PROBLEM DETAILS: Once you reach the line with "R8 Mini Pliers for smaller profiles" below, copy each line exactly, stopping after the line with "robotics team at", and skip any pictures.

Segment Start: RECORDS SHOWN

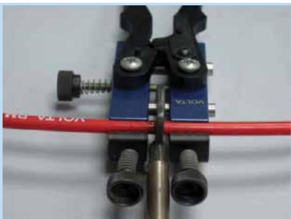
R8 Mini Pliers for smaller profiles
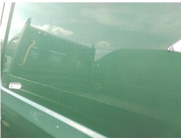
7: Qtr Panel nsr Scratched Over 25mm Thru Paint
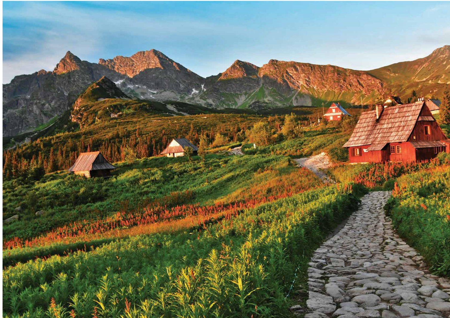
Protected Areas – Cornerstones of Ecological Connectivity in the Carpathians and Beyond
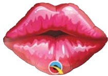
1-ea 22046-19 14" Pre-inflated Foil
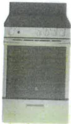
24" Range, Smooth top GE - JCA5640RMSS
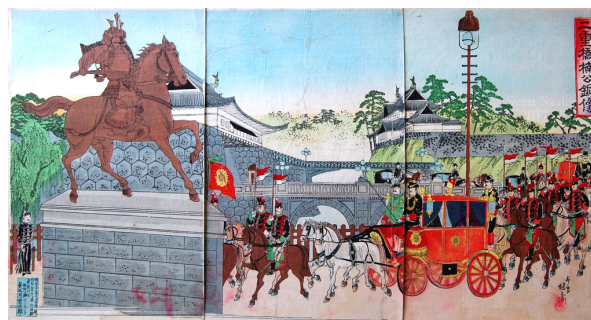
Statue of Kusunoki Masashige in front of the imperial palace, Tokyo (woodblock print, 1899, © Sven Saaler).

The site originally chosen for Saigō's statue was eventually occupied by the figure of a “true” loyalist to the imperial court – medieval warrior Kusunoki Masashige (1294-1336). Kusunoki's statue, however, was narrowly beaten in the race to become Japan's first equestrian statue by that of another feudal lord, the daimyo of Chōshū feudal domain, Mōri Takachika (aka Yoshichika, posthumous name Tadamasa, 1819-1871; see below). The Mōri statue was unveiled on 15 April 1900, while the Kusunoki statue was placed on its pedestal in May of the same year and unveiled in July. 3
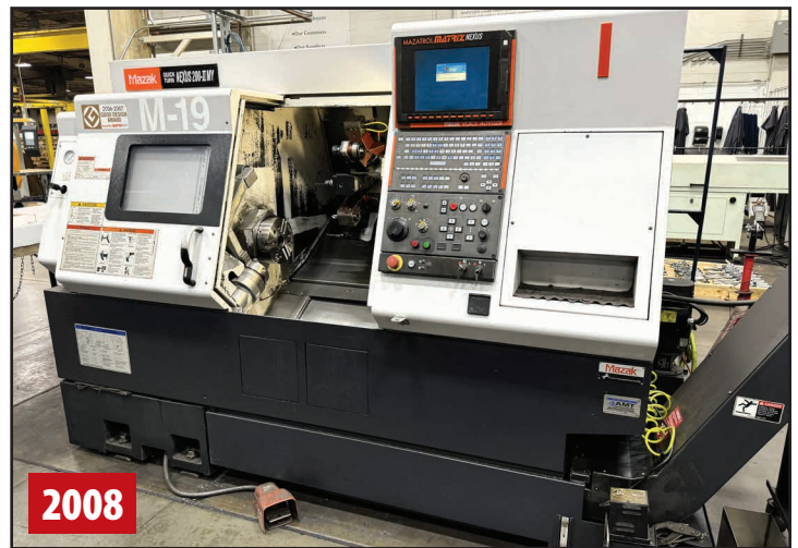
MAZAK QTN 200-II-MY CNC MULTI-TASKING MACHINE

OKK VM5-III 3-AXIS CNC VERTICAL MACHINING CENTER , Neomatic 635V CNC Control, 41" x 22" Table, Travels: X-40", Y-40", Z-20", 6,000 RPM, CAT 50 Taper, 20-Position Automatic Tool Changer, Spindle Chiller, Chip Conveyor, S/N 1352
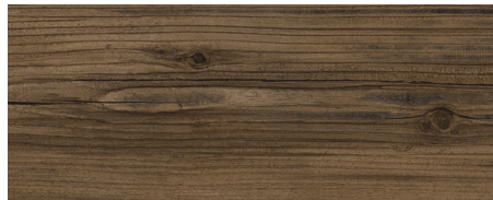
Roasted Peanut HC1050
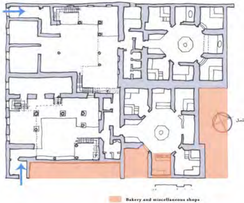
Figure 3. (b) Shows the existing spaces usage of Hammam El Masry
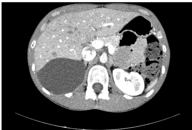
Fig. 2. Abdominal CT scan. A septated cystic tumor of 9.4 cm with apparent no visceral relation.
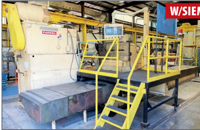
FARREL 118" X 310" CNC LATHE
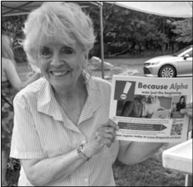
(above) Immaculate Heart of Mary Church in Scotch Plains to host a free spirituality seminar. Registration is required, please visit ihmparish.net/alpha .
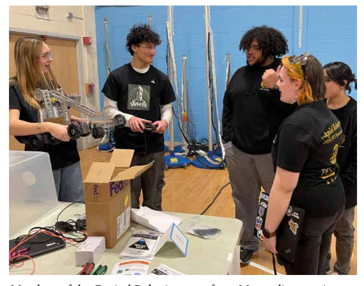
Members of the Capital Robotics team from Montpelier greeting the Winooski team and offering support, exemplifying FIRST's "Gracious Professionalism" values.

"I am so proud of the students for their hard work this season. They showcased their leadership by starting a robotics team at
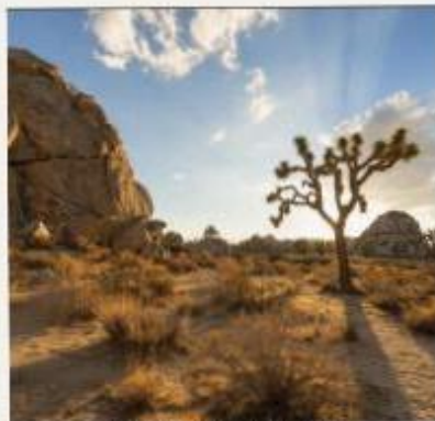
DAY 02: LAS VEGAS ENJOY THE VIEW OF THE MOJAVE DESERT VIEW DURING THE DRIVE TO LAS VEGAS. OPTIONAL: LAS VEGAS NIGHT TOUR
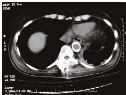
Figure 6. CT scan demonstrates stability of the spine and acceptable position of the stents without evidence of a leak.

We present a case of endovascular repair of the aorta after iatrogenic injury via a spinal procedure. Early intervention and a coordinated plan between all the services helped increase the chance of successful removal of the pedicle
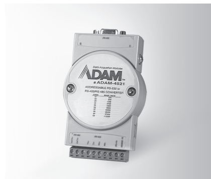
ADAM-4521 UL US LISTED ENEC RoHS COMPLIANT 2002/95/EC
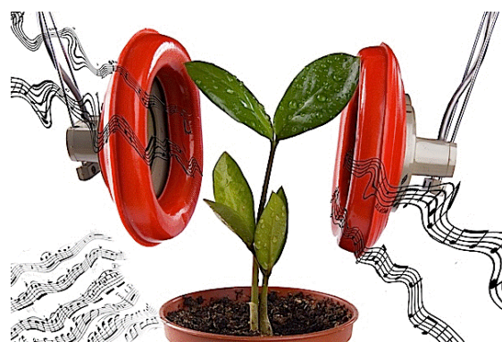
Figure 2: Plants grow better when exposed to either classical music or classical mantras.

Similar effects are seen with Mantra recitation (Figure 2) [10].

Segment End: RECORDS SHOWN
Segment Start: RECORDS SHOWN

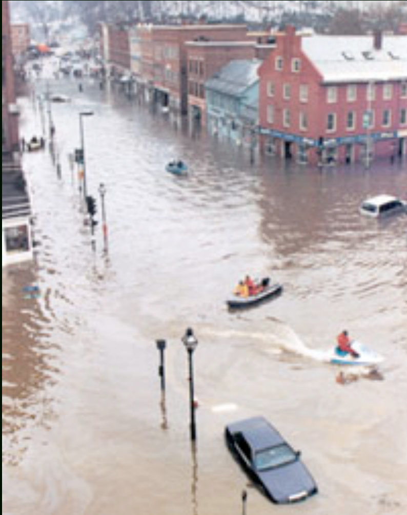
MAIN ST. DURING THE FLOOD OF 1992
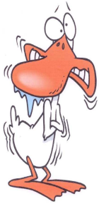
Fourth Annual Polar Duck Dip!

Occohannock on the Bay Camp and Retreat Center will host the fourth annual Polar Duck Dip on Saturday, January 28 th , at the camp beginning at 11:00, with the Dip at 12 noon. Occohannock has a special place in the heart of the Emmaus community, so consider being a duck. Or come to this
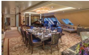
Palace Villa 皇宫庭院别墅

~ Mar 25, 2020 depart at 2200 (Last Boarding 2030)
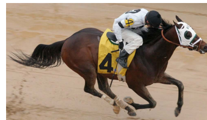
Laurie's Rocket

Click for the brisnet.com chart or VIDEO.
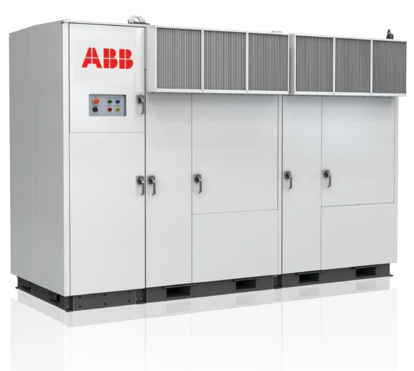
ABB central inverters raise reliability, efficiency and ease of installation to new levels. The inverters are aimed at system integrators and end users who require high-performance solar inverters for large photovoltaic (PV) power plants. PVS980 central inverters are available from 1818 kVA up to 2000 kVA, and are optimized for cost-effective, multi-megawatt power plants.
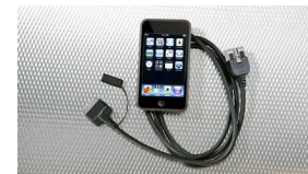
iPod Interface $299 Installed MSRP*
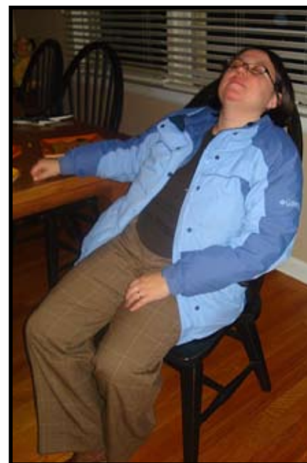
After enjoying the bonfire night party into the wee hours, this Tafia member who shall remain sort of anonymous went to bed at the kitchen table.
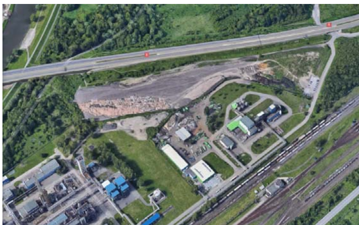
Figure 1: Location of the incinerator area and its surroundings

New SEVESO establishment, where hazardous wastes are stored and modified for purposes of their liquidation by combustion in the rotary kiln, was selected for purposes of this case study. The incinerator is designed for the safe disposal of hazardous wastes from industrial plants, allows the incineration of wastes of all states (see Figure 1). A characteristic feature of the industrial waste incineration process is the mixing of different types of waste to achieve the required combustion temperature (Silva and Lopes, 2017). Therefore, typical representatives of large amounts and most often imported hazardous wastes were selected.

Segment End: RECORDS SHOWN
Segment Start: RECORDS SHOWN

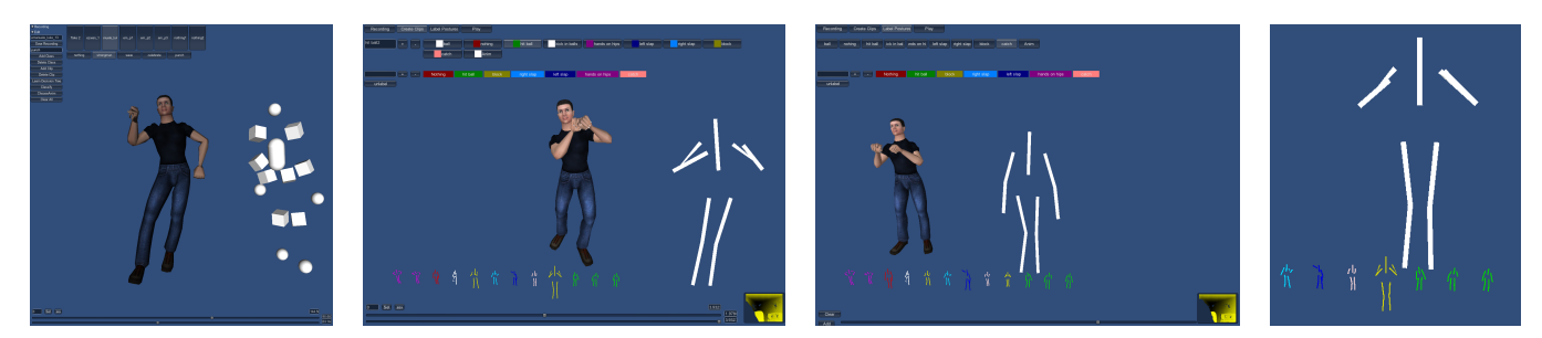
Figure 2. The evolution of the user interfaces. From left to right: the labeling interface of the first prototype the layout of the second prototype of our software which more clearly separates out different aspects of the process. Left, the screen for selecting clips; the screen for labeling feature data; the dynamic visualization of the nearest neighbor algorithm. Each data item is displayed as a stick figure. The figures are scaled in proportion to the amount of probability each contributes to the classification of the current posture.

Segment End: RECORDS SHOWN

ANSWER TO THIS TASK:
R8 Mini Pliers for smaller profiles
7: Qtr Panel nsr Scratched Over 25mm Thru Paint
Protected Areas – Cornerstones of Ecological Connectivity in the Carpathians and Beyond
1-ea 22046-19 14" Pre-inflated Foil
24" Range, Smooth top GE - JCA5640RMSS
Statue of Kusunoki Masashige in front of the imperial palace, Tokyo (woodblock print, 1899, © Sven Saaler).

The site originally chosen for Saigō's statue was eventually occupied by the figure of a “true” loyalist to the imperial court – medieval warrior Kusunoki Masashige (1294-1336). Kusunoki's statue, however, was narrowly beaten in the race to become Japan's first equestrian statue by that of another feudal lord, the daimyo of Chōshū feudal domain, Mōri Takachika (aka Yoshichika, posthumous name Tadamasa, 1819-1871; see below). The Mōri statue was unveiled on 15 April 1900, while the Kusunoki statue was placed on its pedestal in May of the same year and unveiled in July. 3
MAZAK QTN 200-II-MY CNC MULTI-TASKING MACHINE

OKK VM5-III 3-AXIS CNC VERTICAL MACHINING CENTER , Neomatic 635V CNC Control, 41" x 22" Table, Travels: X-40", Y-40", Z-20", 6,000 RPM, CAT 50 Taper, 20-Position Automatic Tool Changer, Spindle Chiller, Chip Conveyor, S/N 1352
Roasted Peanut HC1050
Figure 3. (b) Shows the existing spaces usage of Hammam El Masry
Fig. 2. Abdominal CT scan. A septated cystic tumor of 9.4 cm with apparent no visceral relation.
FARREL 118" X 310" CNC LATHE
(above) Immaculate Heart of Mary Church in Scotch Plains to host a free spirituality seminar. Registration is required, please visit ihmparish.net/alpha .
Members of the Capital Robotics team from Montpelier greeting the Winooski team and offering support, exemplifying FIRST's "Gracious Professionalism" values.

"I am so proud of the students for their hard work this season. They showcased their leadership by starting a robotics team at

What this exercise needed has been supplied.